The aim of this study was to evaluate compatibility and stability of the maximum concentration used for binary admixture containing dobutamine and dopamine in 5% glucose. The maximum concentration of each drug was 5.76 mg/ml of dobutamine and 2.88 mg/ml of dopamine in 50 ml of 5% glucose. The physical compatibility of binary admixtures was assessed using visual inspection and pH determination immediately after preparation (at 0 time) and after 24 hrs. The chemical stability was assessed using high performance thin layer chromatoghraphy (HPTLC).
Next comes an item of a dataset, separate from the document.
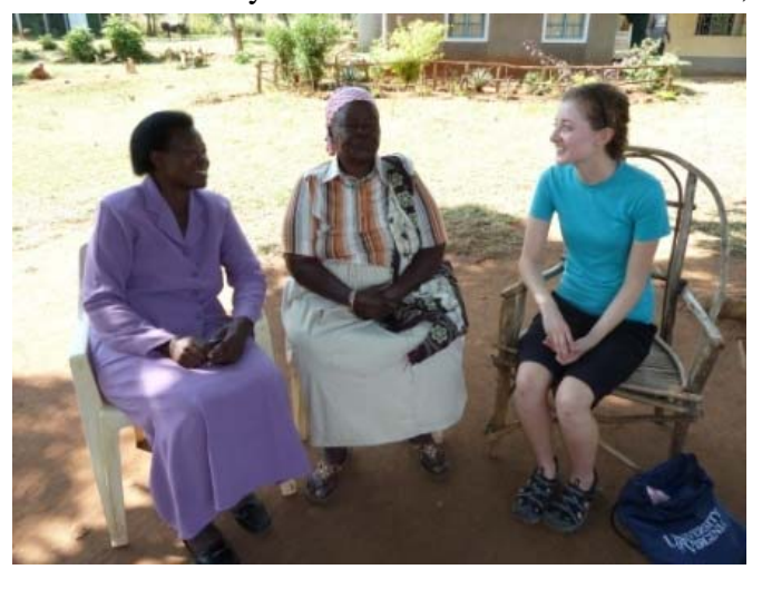
Figure 5. Visiting Mama Sarah Obama

Fellow farmers and farmer teachers could also be a way to empower females in rural Kenya. Out of all farmers interviewed, the female non-adopters lacked education

The method is based on HPTLC separation of the two drugs followed by densitometric measurements of their spots at 254 nm using Camag TLC Scanner 3. The mobile phase comprised ethyl acetate : n-propanol : water : glecial acetic acid (60:24:9:3, v/v/v/v). The results revealed that no precipitation, gas evaluation, color change, pH change or chemical incompatibility were observed over the entire time of mixing of two drugs in 5% glucose solution.